Since the listing below shows pictures, leave them out and write out exactly the lines from the line with "عروض نستو الكويت" to the line with "Στο 3ο λεπτό", both included, and no others.
Task inputs START
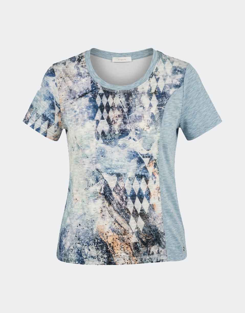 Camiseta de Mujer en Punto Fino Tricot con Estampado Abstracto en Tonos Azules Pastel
Task inputs END
Task inputs START
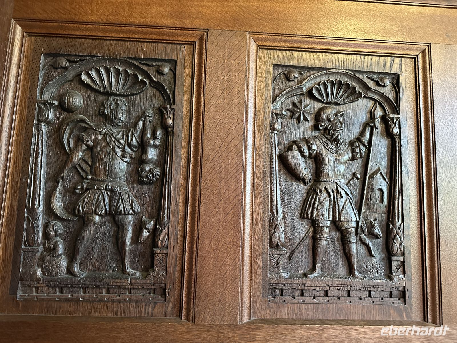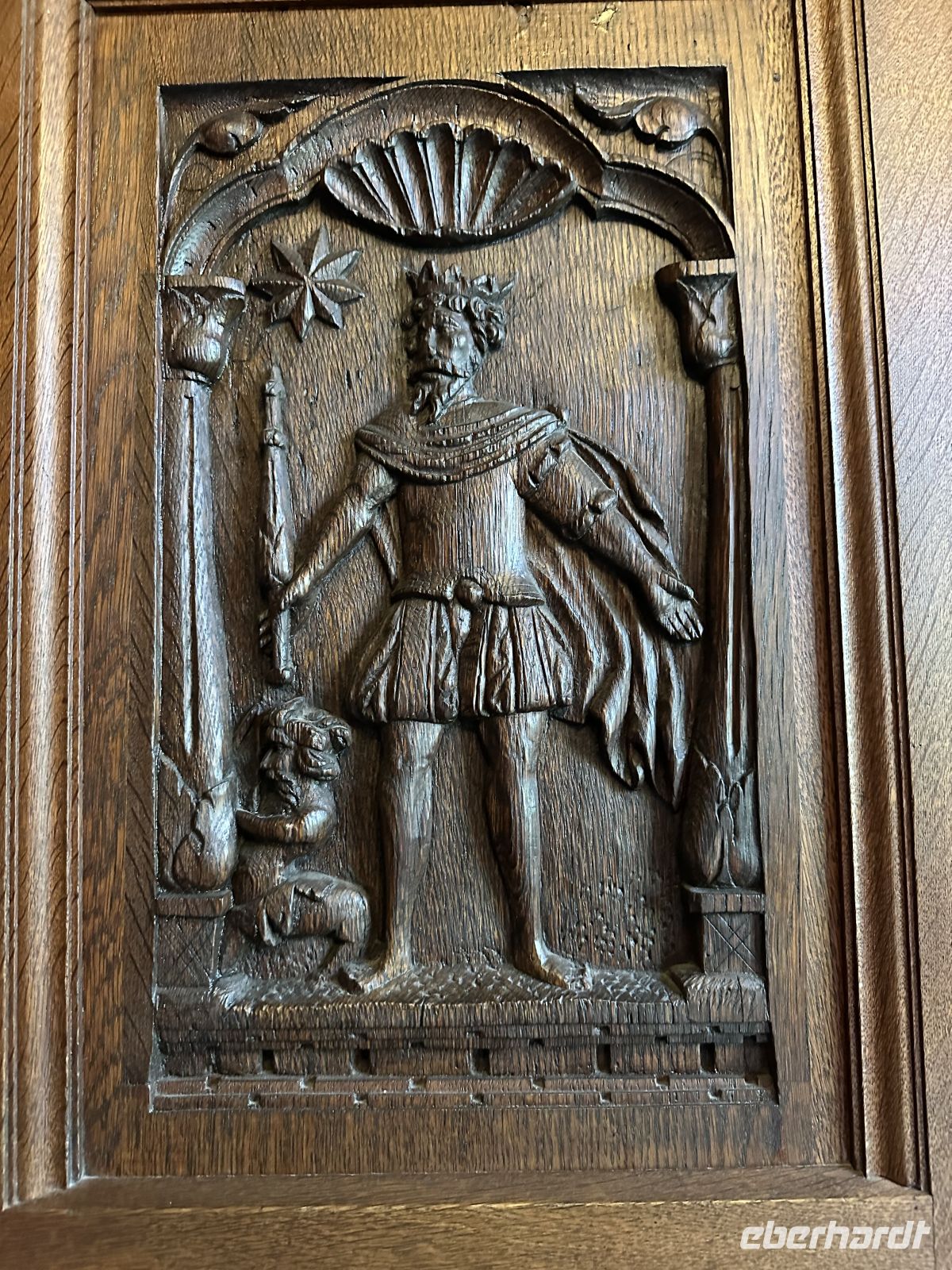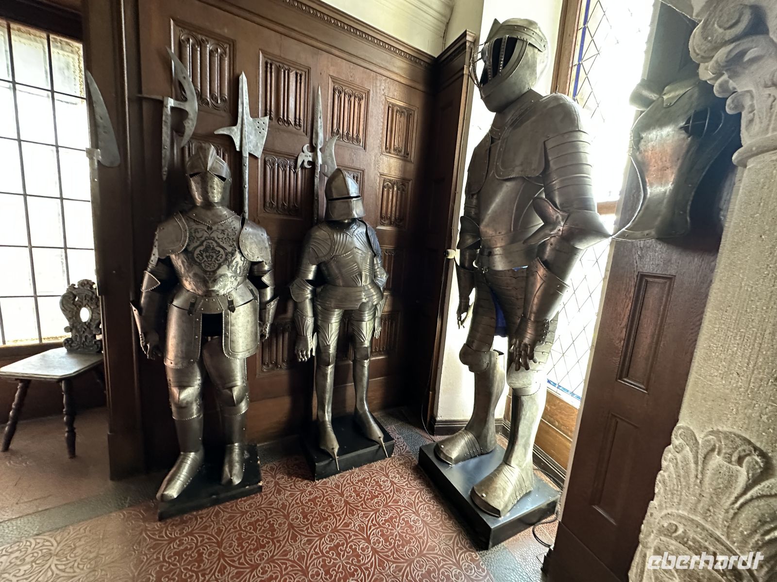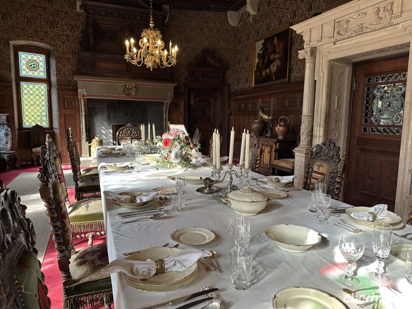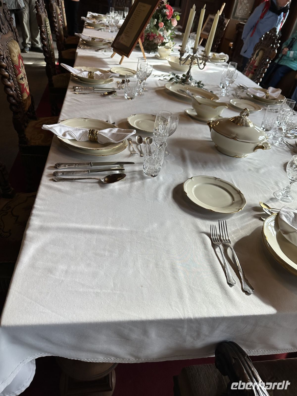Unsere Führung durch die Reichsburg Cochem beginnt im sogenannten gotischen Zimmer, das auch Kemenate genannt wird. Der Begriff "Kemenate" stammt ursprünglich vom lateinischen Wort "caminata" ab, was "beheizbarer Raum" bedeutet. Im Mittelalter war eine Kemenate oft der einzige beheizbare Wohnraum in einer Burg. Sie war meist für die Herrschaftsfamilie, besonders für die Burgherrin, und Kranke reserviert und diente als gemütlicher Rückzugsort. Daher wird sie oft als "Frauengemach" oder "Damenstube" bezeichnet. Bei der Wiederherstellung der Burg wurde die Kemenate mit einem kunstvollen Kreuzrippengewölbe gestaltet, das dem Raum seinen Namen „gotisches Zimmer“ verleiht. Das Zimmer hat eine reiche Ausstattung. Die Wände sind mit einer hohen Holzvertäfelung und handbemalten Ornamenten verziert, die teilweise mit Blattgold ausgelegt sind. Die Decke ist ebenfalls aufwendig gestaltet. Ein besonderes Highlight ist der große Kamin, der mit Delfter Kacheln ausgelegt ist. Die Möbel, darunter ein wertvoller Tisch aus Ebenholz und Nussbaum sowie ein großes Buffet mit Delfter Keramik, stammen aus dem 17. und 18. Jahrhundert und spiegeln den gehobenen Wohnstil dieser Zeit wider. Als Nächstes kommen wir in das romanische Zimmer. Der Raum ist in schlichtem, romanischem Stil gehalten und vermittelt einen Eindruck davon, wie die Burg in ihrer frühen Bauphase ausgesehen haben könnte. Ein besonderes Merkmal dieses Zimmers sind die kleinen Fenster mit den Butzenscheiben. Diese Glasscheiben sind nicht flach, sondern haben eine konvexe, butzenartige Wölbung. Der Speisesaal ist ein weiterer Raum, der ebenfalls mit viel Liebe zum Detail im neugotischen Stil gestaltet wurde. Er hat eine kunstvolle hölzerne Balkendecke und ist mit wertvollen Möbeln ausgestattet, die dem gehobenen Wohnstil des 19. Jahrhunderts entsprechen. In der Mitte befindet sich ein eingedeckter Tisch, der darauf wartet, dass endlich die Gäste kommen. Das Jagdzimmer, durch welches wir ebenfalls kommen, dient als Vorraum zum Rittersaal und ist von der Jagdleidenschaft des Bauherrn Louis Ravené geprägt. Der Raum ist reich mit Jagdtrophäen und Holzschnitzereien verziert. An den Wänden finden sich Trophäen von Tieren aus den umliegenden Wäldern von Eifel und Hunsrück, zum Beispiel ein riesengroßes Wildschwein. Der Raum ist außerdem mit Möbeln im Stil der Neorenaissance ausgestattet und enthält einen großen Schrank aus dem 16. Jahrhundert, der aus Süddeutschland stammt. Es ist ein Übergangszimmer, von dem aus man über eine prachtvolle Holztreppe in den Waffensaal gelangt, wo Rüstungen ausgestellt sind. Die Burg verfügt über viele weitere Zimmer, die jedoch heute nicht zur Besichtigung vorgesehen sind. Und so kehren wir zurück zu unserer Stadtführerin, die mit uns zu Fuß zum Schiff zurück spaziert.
Task inputs END
Task inputs START
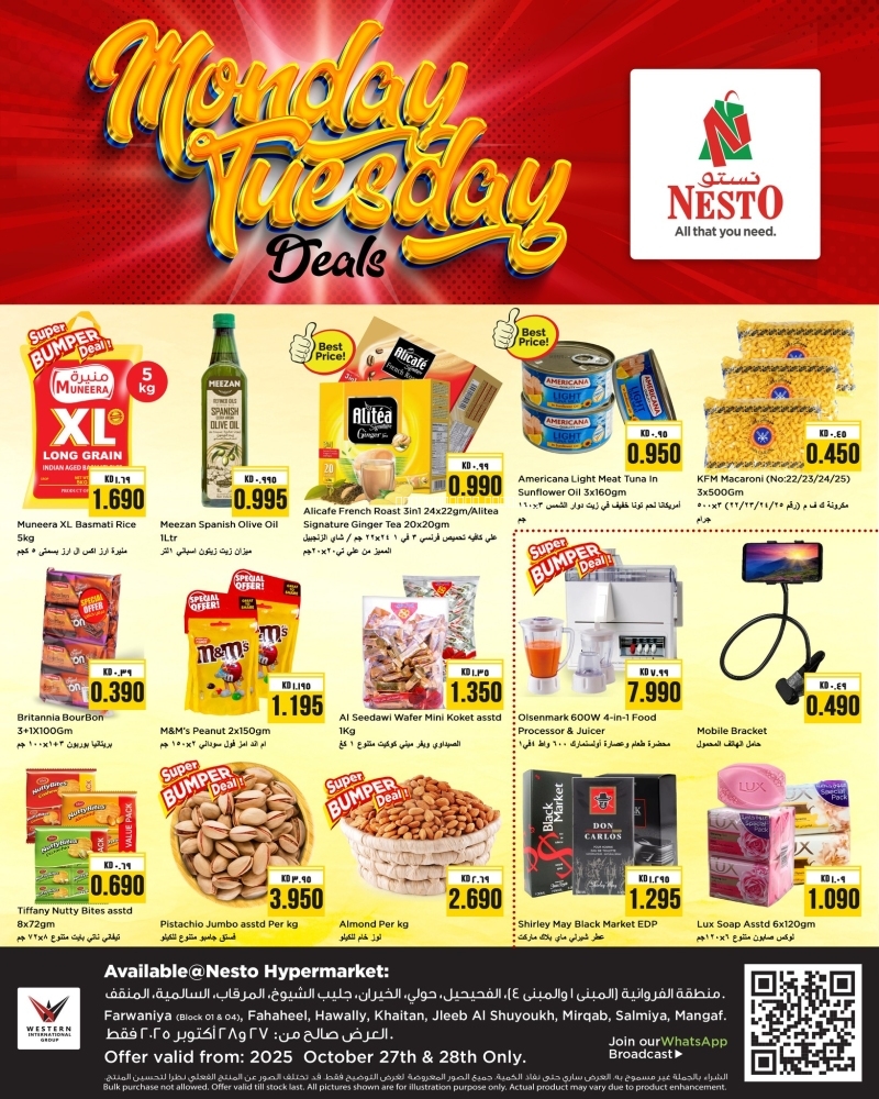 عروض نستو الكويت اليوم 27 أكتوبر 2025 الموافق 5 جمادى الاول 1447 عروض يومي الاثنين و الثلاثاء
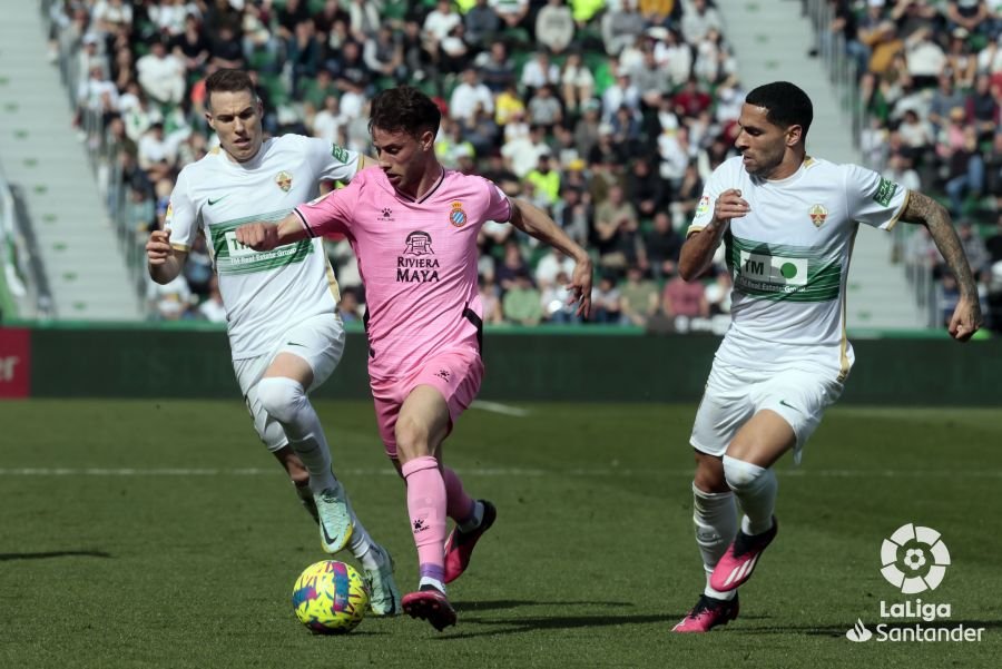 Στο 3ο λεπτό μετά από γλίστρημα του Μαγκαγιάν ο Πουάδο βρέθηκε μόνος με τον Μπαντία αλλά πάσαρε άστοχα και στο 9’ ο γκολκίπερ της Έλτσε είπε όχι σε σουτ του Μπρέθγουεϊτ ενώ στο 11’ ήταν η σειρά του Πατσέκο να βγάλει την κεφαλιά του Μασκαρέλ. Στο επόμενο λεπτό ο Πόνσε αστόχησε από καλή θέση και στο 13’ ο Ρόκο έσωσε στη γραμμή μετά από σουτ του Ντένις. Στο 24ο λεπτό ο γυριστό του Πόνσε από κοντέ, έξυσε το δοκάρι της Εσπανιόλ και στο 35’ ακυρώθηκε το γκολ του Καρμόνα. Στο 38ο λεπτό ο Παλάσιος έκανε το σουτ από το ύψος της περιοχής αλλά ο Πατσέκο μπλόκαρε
Task inputs END
Task response:
 عروض نستو الكويت اليوم 27 أكتوبر 2025 الموافق 5 جمادى الاول 1447 عروض يومي الاثنين و الثلاثاء
 Στο 3ο λεπτό μετά από γλίστρημα του Μαγκαγιάν ο Πουάδο βρέθηκε μόνος με τον Μπαντία αλλά πάσαρε άστοχα και στο 9’ ο γκολκίπερ της Έλτσε είπε όχι σε σουτ του Μπρέθγουεϊτ ενώ στο 11’ ήταν η σειρά του Πατσέκο να βγάλει την κεφαλιά του Μασκαρέλ. Στο επόμενο λεπτό ο Πόνσε αστόχησε από καλή θέση και στο 13’ ο Ρόκο έσωσε στη γραμμή μετά από σουτ του Ντένις. Στο 24ο λεπτό ο γυριστό του Πόνσε από κοντέ, έξυσε το δοκάρι της Εσπανιόλ και στο 35’ ακυρώθηκε το γκολ του Καρμόνα. Στο 38ο λεπτό ο Παλάσιος έκανε το σουτ από το ύψος της περιοχής αλλά ο Πατσέκο μπλόκαρε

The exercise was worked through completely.